Authors Lind AL, Just D, Mikus M, Fredolini C, Ioannou M, Gerdle B, Ghafouri B, Bäckryd E, Tanum L, Gordh T, Månberg A

Received 11 May 2019

Accepted for publication 1 August 2019

Published 15 October 2019 Volume 2019:12 Pages 2875—2889

DOI https://doi.org/10.2147/JPR.S215348

Checked for plagiarism Yes

Review by Single-blind

Peer reviewers approved by Dr Nicola Ludin

Peer reviewer comments 2

Editor who approved publication: Dr Katherine Hanlon


Anne-Li Lind,1 David Just,2 Maria Mikus,2 Claudia Fredolini,2 Marina Ioannou,2 Björn Gerdle,3 Bijar Ghafouri,3 Emmanuel Bäckryd,3 Lars Tanum,4 Torsten Gordh,1 Anna Månberg2

1Department of Surgical Sciences, Uppsala University, Uppsala, Sweden; 2Division of Affinity Proteomics, SciLifeLab, Deptartment of Protein Science, KTH Royal Institute of Technology, Stockholm, Sweden; 3Pain and Rehabilitation Center, and Department of Medical and Health Sciences, Linköping University, Linköping, Sweden; 4Department of R&D in Mental Health, Akershus University Hospital, Lørenskog, Norway

Correspondence: Anna Månberg
Division of Affinity Proteomics, SciLifeLab, Department of Protein Science, KTH - Royal Institute of Technology, Tomtebodvägen 23A, Solna, Stockholm, Sweden
Tel +46 8 790 9803
Email anna.manberg@scilifelab.se

Objective: Neuropathic pain and fibromyalgia are two common and poorly understood chronic pain conditions that lack satisfactory treatments, cause substantial suffering and societal costs.
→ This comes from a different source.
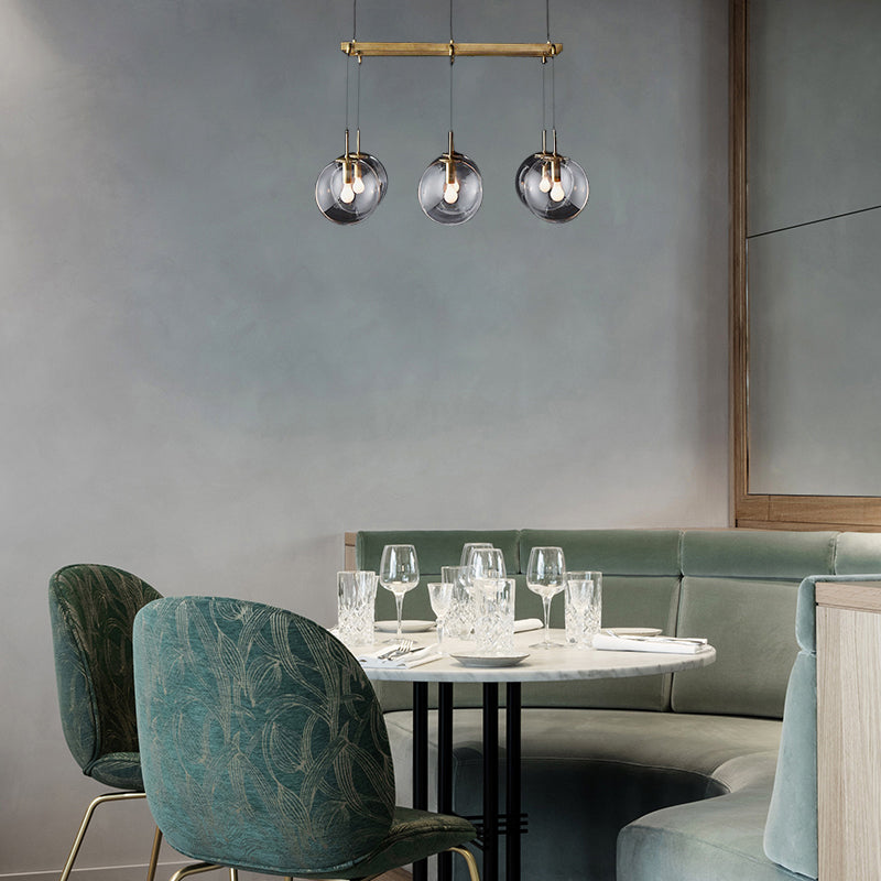 Industrial Smoke Glass Island Lighting 6/8/10-Light Nickel/Bronze LED Pendant Fixture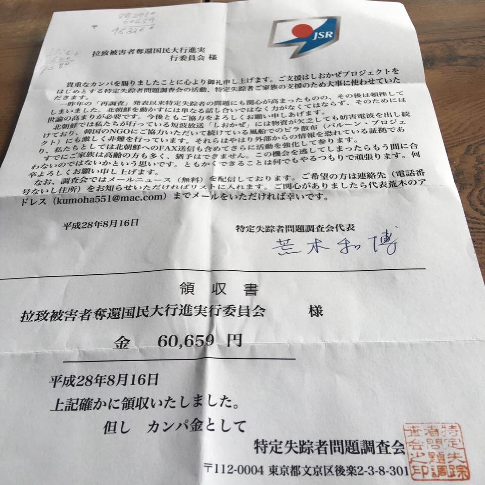 雨天の為、中止とさせて頂きます8月14日に行われました拉致被害者奪還国民大行進及び、15日に行いました、第27回定例街頭署名活動でお預かりした浄財から、2日間の必要経費26000円を差し引いた60659円と、署名540筆を8月16日、特定失踪者問題調査会に届けて参りました。弊会を通じ特定失踪者問題調査会に還流した浄財総額953360円、署名総数4380筆となりました。ご協力頂きました全ての皆様に対し、篤く御礼申し上げます。有難う御座いました

Today, there are no biological markers on which to base chronic pain diagnoses, treatment choices or to understand the pathophysiology of pain for the individual patient. This study aimed to investigate cerebrospinal fluid (CSF) protein profiles potentially associated with fibromyalgia and neuropathic pain.
Methods: CSF samples were collected from 25 patients with neuropathic pain (two independent sets, n=14 patients for discovery, and n=11 for verification), 40 patients with fibromyalgia and 134 controls without neurological disease from two different populations. CSF protein profiling of 55 proteins was performed using antibody suspension bead array technology.
Results: We found increased levels of apolipoprotein C1 (APOC1) in CSF of neuropathic pain patients compared to controls and there was a trend for increased levels also in fibromyalgia patients. In addition, levels of ectonucleotide pyrophosphatase family member 2 (ENPP2, also referred to as autotaxin) were increased in the CSF of fibromyalgia patients compared to all other groups including patients with neuropathic pain.
Conclusion: The increased levels of APOC1 and ENPP2 found in neuropathic pain and fibromyalgia patients may shed light on the underlying mechanisms of these conditions. Further investigation is required to elucidate their role in maintaining pain and other main symptoms of these disorders.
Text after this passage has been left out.